#### DATA PROVIDED:
------------------------------------------------------------

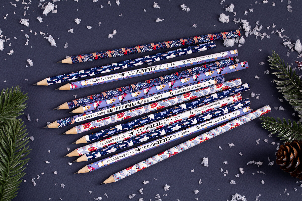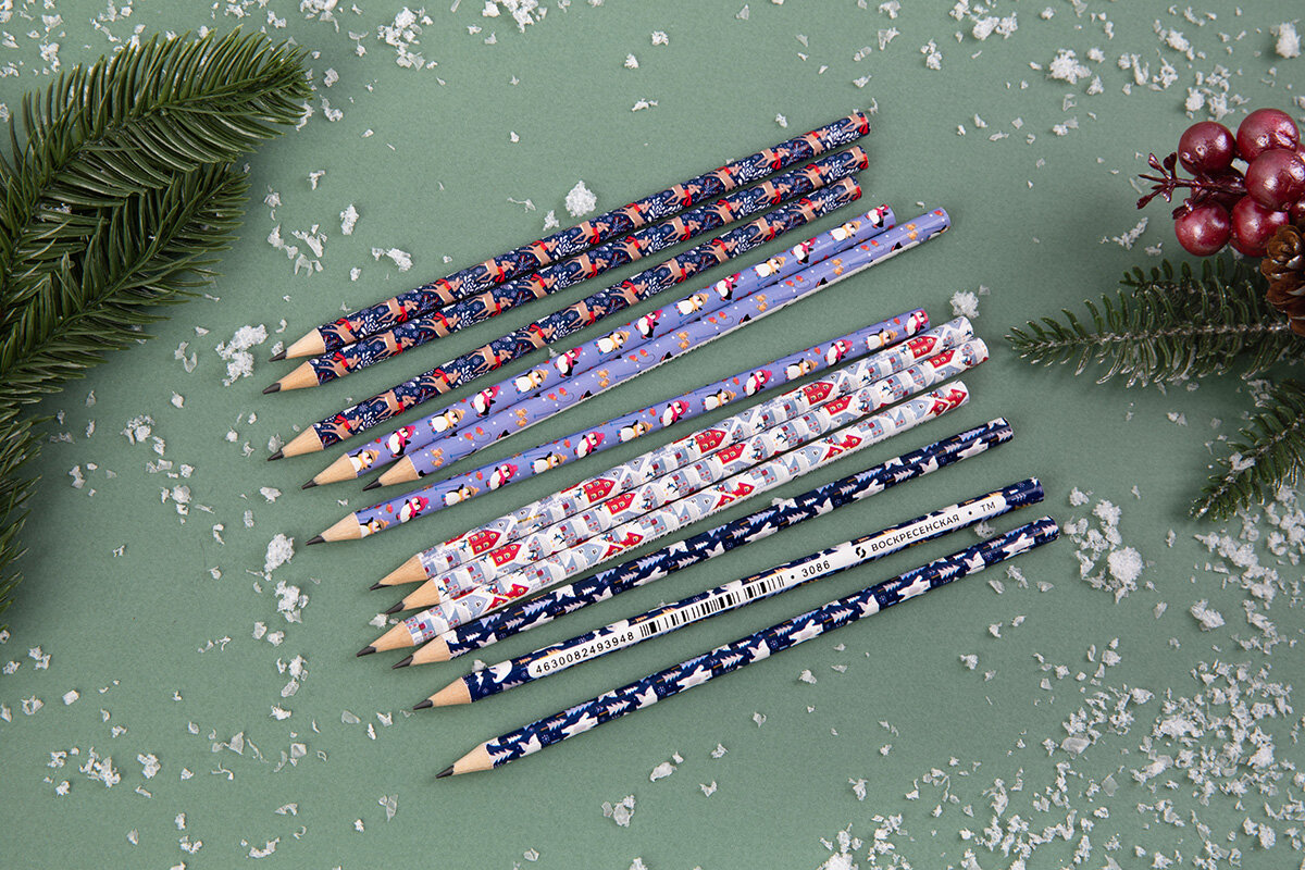 Карандаш 12 шт. графитный (простой) ВКФ "Принты" круглый заточенный ТМ (HB) Зимний олень
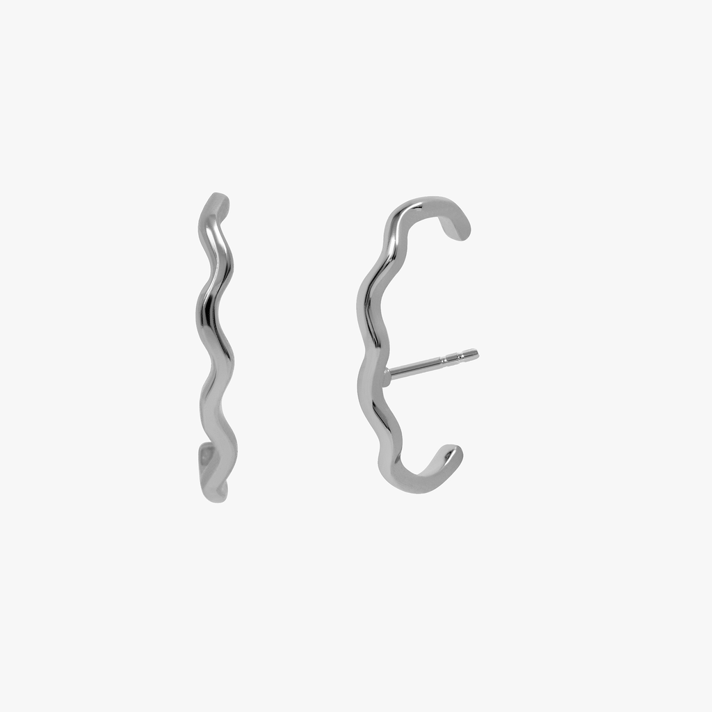 Organic Hook es un pendiente curvado de estilo minimalista con superficie en relieve y textura orgánica .
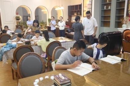 如今,邮储银行泸州市分行“邮爱时光”咖啡吧被巧妙布置为托管班的温馨“营地”。在这里,两名富有爱心和经验的老师将悉心陪伴孩子们度过暑假。托管班课程设计兼顾学习与趣味:一方面提供专注的作业辅导时间,另一方面精心安排了丰富多彩的文体活动——棋类对弈、创意绘画、益智游戏、经典电影赏析、自由阅读时光以及趣味互动环节,让孩子们在轻松氛围中收获知识、培养兴趣、发展能力。
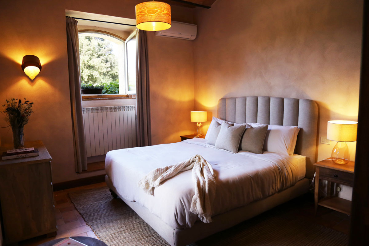 The second floor of Villa Casalone opens to an inviting living area and a cosy library, providing ample space for relaxation. SONOS speakers are placed throughout the villa, ensuring an immersive and uninterrupted music experience in every communal space. Among the seven exquisitely appointed bedrooms, one boasts a charming loft on the second floor with a convenient pull-out bed for two children, while another offers a separate room with two comfortable single beds for two additional children.

------------------------------------------------------------

#### INSTRUCTIONS TO FOLLOW:
Skipping any images, write out all the data exactly.

#### ANSWER FOR THIS EXERCISE:
 Карандаш 12 шт. графитный (простой) ВКФ "Принты" круглый заточенный ТМ (HB) Зимний олень
 Organic Hook es un pendiente curvado de estilo minimalista con superficie en relieve y textura orgánica .
 如今,邮储银行泸州市分行“邮爱时光”咖啡吧被巧妙布置为托管班的温馨“营地”。在这里,两名富有爱心和经验的老师将悉心陪伴孩子们度过暑假。托管班课程设计兼顾学习与趣味:一方面提供专注的作业辅导时间,另一方面精心安排了丰富多彩的文体活动——棋类对弈、创意绘画、益智游戏、经典电影赏析、自由阅读时光以及趣味互动环节,让孩子们在轻松氛围中收获知识、培养兴趣、发展能力。
 The second floor of Villa Casalone opens to an inviting living area and a cosy library, providing ample space for relaxation. SONOS speakers are placed throughout the villa, ensuring an immersive and uninterrupted music experience in every communal space. Among the seven exquisitely appointed bedrooms, one boasts a charming loft on the second floor with a convenient pull-out bed for two children, while another offers a separate room with two comfortable single beds for two additional children.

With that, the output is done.